7. Learned Counsel for the appellants submitted that even though the aforesaid breach is committed by the driver of the vehicle, there is no record to show that the said breach was within the knowledge of the owner and, therefore, in absence of any evidence to prove wilful default or wilful breach on the part of owner, Insurance Company cannot be absolved of its liability, in absence of proof of wilful breach by the Insurance Company.
8. In the present case, Insurance Company has not examined any witness in support of their contention and they are relying only on one witness which has been on record in the statement of Bhupendra, AW 2. From the perusal of the examination of Bhupendra, I find that the Insurance Company has not even put a suggestion to Bhupendra that breach was within the knowledge of the owner. The Apex Court in the case of Sohan Lal Passi v. P. Sesh Reddy, , laid down that it must be established by the Insurance Company that the breach is on the part of the insured. Unless the insured is at fault and is guilty of a breach of the condition, the insurer cannot escape from the obligation to in demnify the insured. It was also observed that when the insured has done everything within his power in inasmuch as he has engaged the licensed driver and has placed the vehicle in his charge with the express or implied mandate to drive himself, it cannot be said that the insured is guilty of any breach. If due to the driver’s acts or omission others meddle with the vehicle and cause an accident, the insurer would be liable to indemnify the insured. Similar view is taken by the Apex Court in case of United India Insurance Co. Ltd. v. Gian Chand . In reply to this argument, the contention of learned Counsel for the Insurance Company is that both cases relate to the driving licence and do not relate to breach of condition. He relied on a judgment of Division Bench of this Court in the case of National Insurance Co. Ltd. v.

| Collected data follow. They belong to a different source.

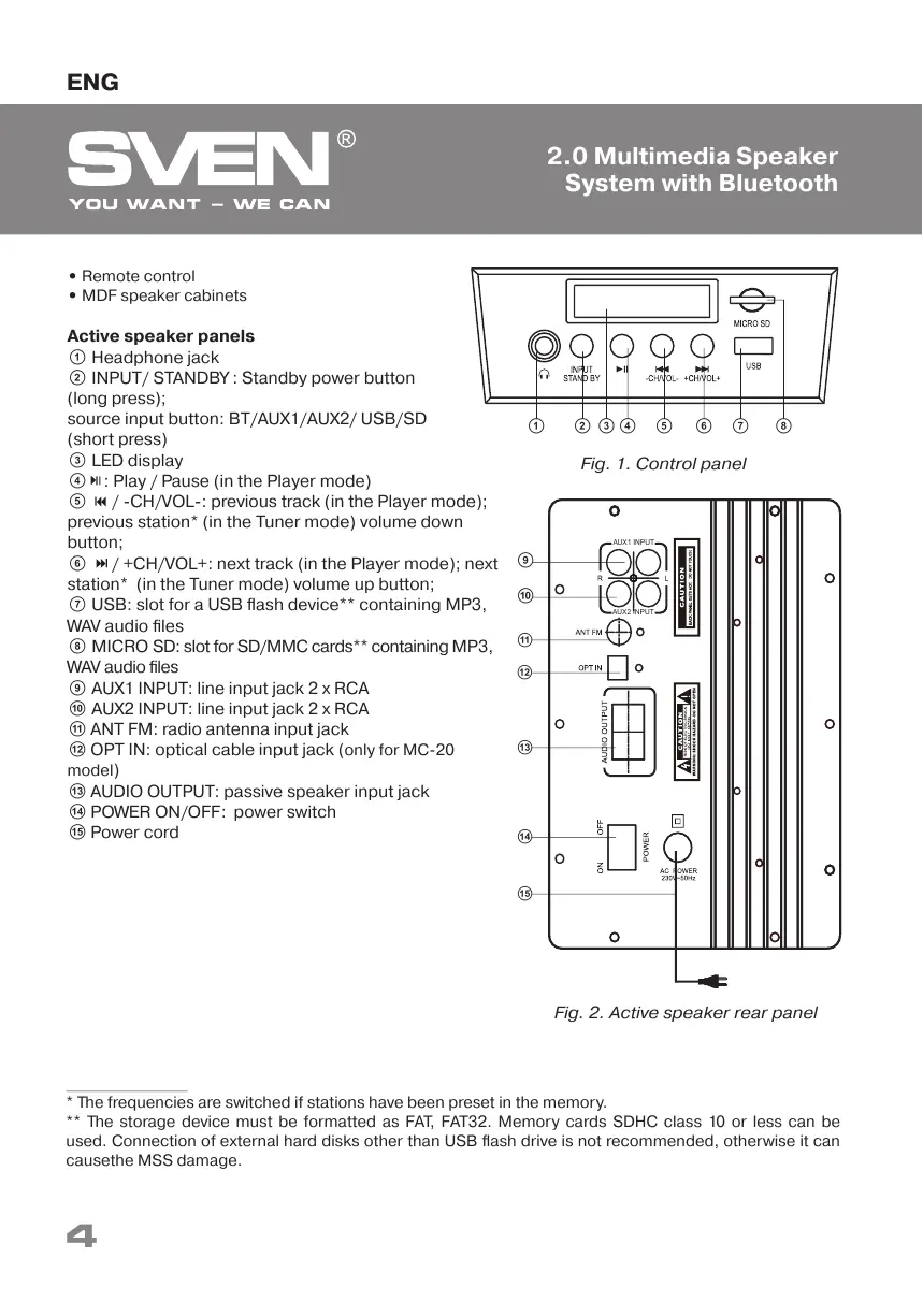 ** The storage device must be formatted as FAT, FAT32. Memory cards SDHC class 10 or less can be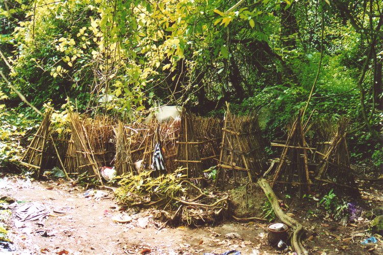 Les corps des défunts sont conservés directement sur le sol, entourés de tiges de bambous formant une cage pour les protéger des animaux et insectes pendant la décomposition des corps.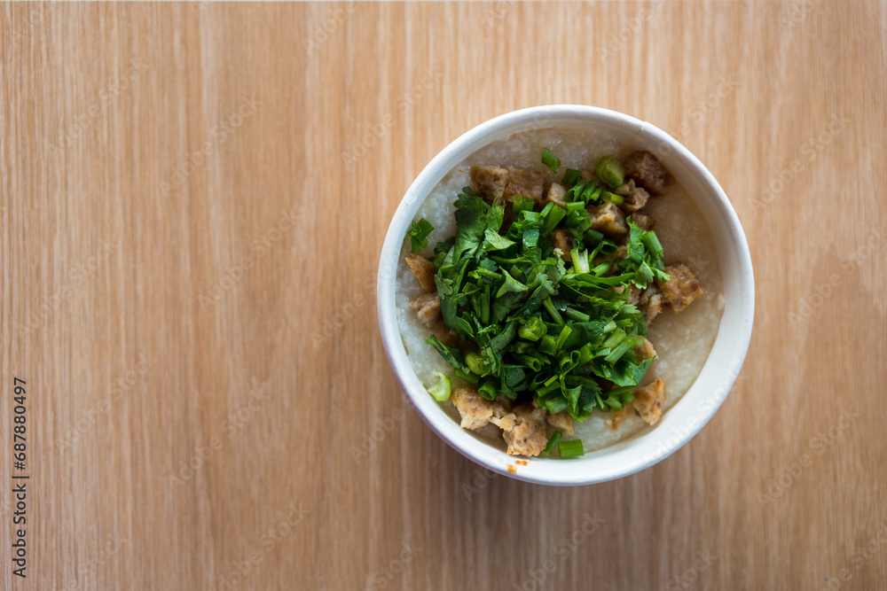 Pork congee or rice porridge with minced pork sprinkled with coriander in white bowl for new morning. Asia breakfast

Tanuja M.A. No. 725 of 2000; decided on 23.8.2005. In para 11 of the aforesaid judgment the Division Bench has held that as there is no evidence on record to show that the vehicle was used as taxi and unauthorisedly carried persons for fare and reward, Insurance Company is liable. According to the learned Counsel of Insurance Company, in the present case there is evidence to that effect. However, after appreciating evidence on record, I find that there is no evidence to show that the breach committed by driver was within the knowledge of the owner. Hence, in the light of judgment of the Supreme Court in case of Sohan Lal Passi (supra), I hold that the Insurance Company is liable to pay amount of compensation.
9. In the result, this appeal is allowed. The amount of compensation is enhanced from Rs. 1,24,388 to Rs. 1,60,000 (Rupees one lakh sixty thousand). The enhanced amount shall carry interest at the rate of 6 per cent per annum from the date of filing of this appeal. It is also held that Insurance Company is also jointly and severally liable to pay amount of compensation.
10. Appeal stands allowed with costs. Counsel’s fee Rs. 1,000, if certified.